__Assignment__:
Only the lines from the one containing "(р-ры: 42-52) бежевый" through the last line below belong in your copy; transcribe them exactly and omit any pictures.

__Recorded data__:
################
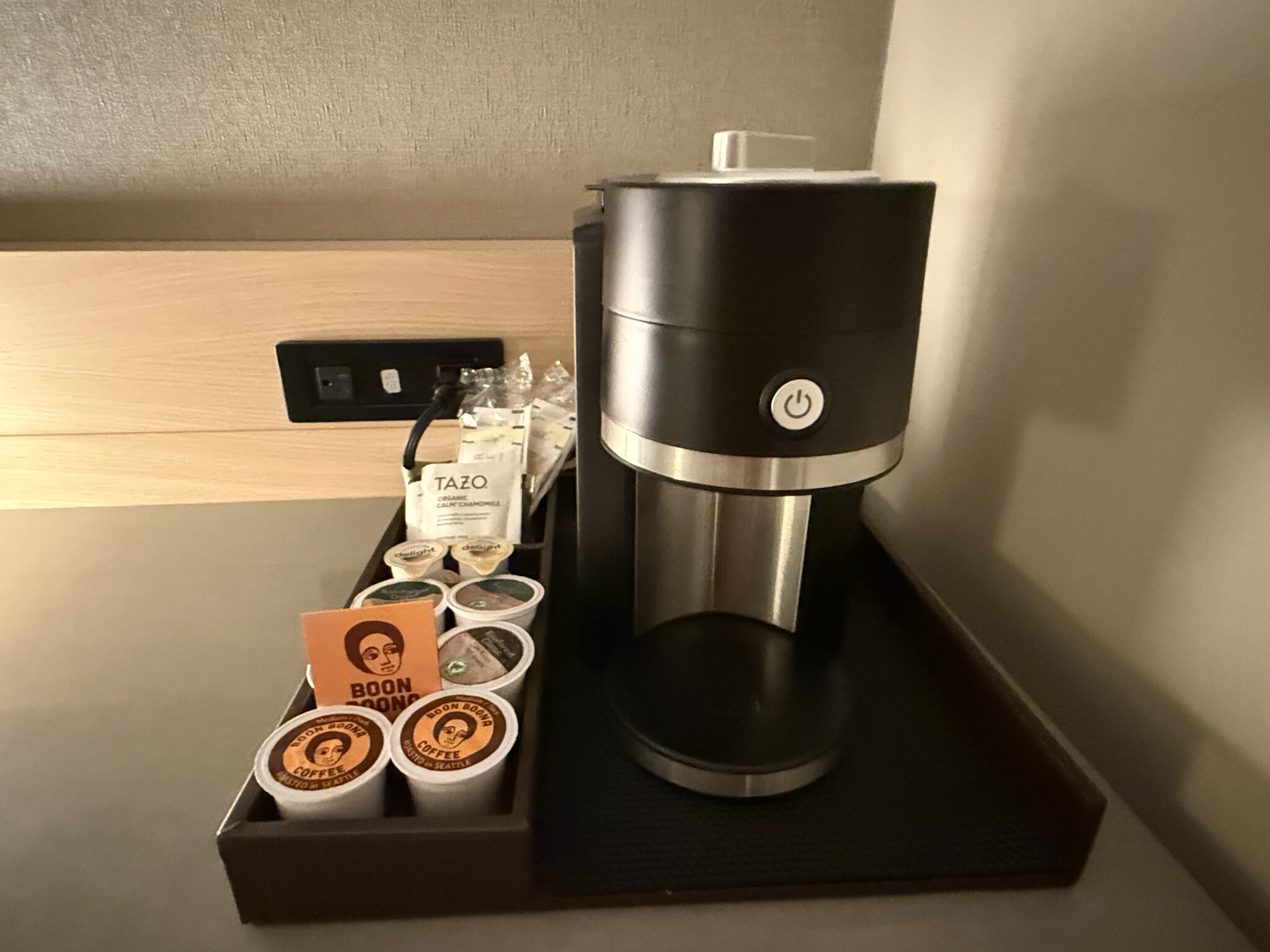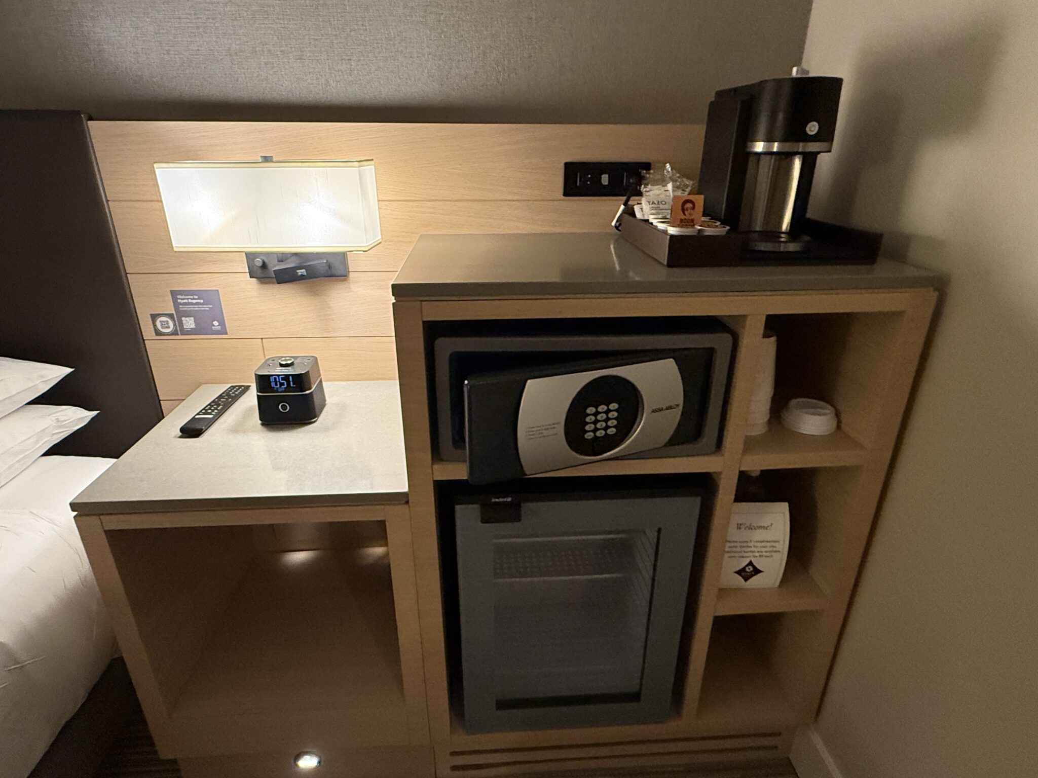 - Room: I was upgraded to a 320 sq ft King Room on a high floor. The hotel is relatively new, so the various furnishings, while no one’s idea of high-quality, are in pretty good shape. A significant downside for us was the bed, which was one of the most uncomfortable I’ve ever had in a Hyatt; both my wife and I were sore from it the next morning. It felt like something you might find at a discount mattress store, which was surprising given how new this property is.
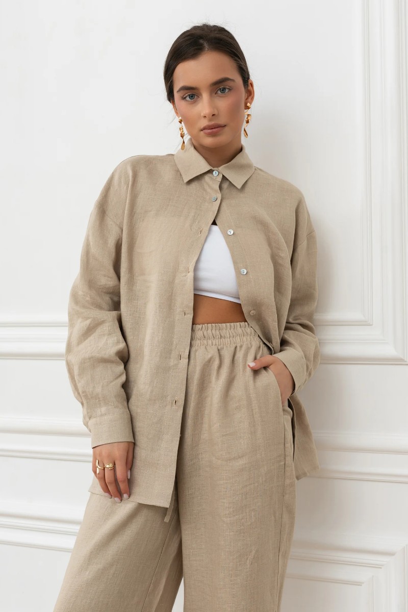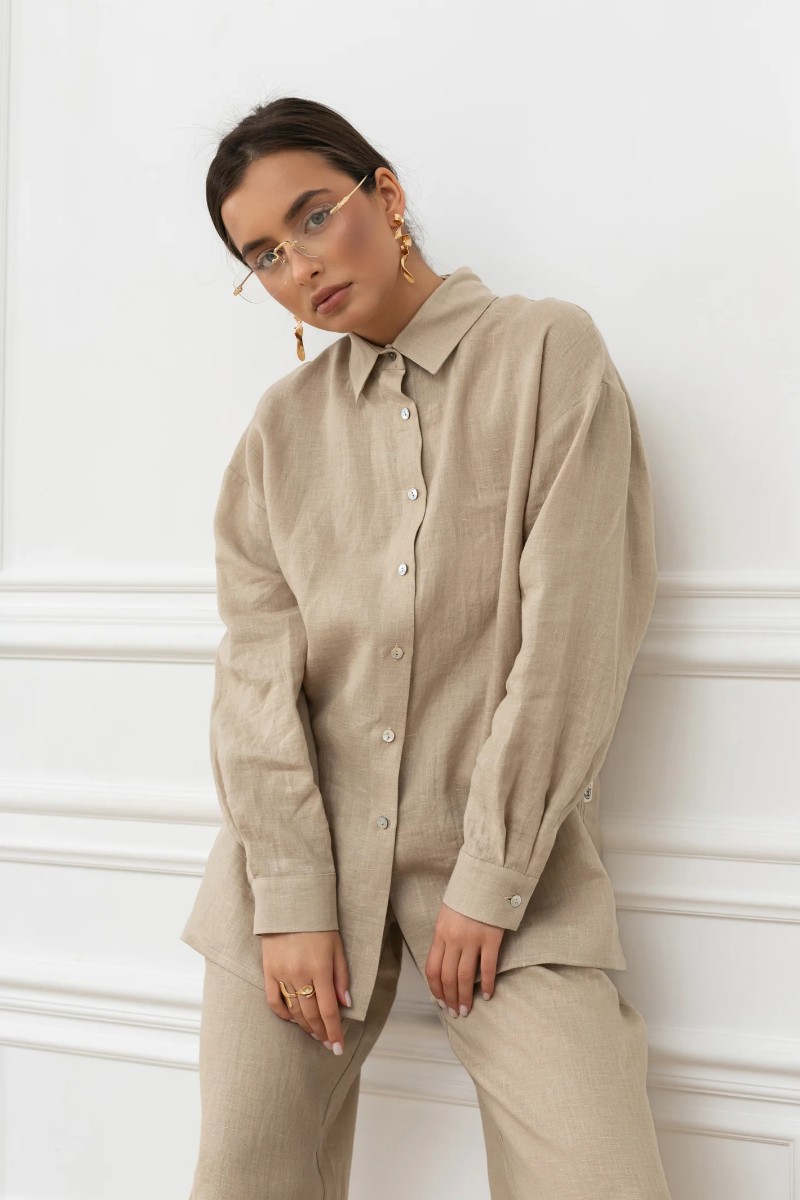 Рубашка женская "Лён" М-3РЖ-5 лён (р-ры: 42-52) бежевый
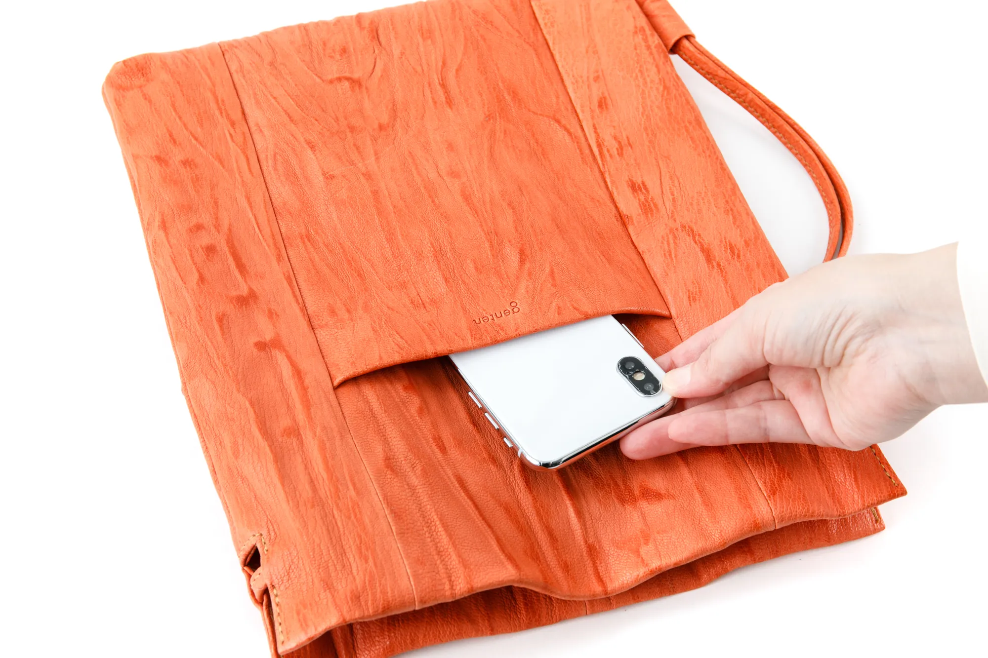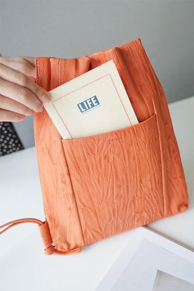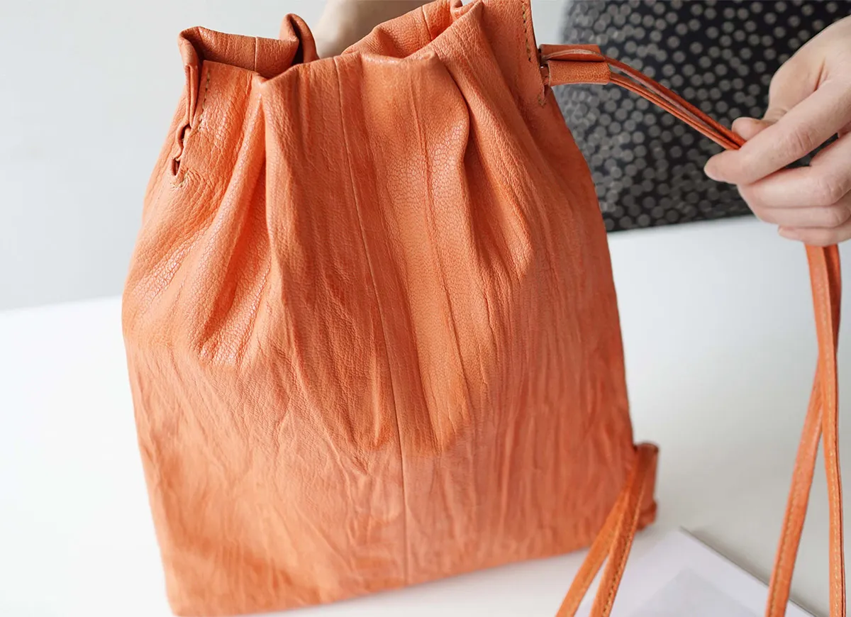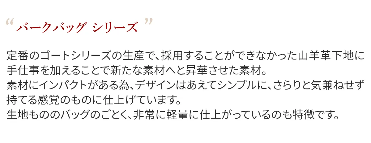 定番のゴートシリーズの生産で、採用することができなかった山羊革下地に手仕事を加えることで新たな素材へと昇華させた素材。 素材にインパクトがある為、デザインはあえてシンプルに、さらりと気兼ねせず持てる感覚のものに仕上げています。 生地もののバッグのごとく、非常に軽量に仕上がっているのも特徴です。 〈素材の特性・メリット〉 山羊革を染色後に職人の手によって絞り加工し、その上からさらに手染め加工を施すことで革に特徴的な景色を作り上げています。 これまでのゴート製品になかった明るめのカラーも特徴です。 余計な装飾を省き、素材の魅力を存分に生かしたシンプルなデザインが魅力です。 手仕事により染め上げられており、濃淡により奥行きのある色合いが個性を放ちます。 革バッグと思えないほど軽く、ショルダーの通し方でスタイルが変わる2WAY仕様です。
################
__Written response__:
 Рубашка женская "Лён" М-3РЖ-5 лён (р-ры: 42-52) бежевый
 定番のゴートシリーズの生産で、採用することができなかった山羊革下地に手仕事を加えることで新たな素材へと昇華させた素材。 素材にインパクトがある為、デザインはあえてシンプルに、さらりと気兼ねせず持てる感覚のものに仕上げています。 生地もののバッグのごとく、非常に軽量に仕上がっているのも特徴です。 〈素材の特性・メリット〉 山羊革を染色後に職人の手によって絞り加工し、その上からさらに手染め加工を施すことで革に特徴的な景色を作り上げています。 これまでのゴート製品になかった明るめのカラーも特徴です。 余計な装飾を省き、素材の魅力を存分に生かしたシンプルなデザインが魅力です。 手仕事により染め上げられており、濃淡により奥行きのある色合いが個性を放ちます。 革バッグと思えないほど軽く、ショルダーの通し方でスタイルが変わる2WAY仕様です。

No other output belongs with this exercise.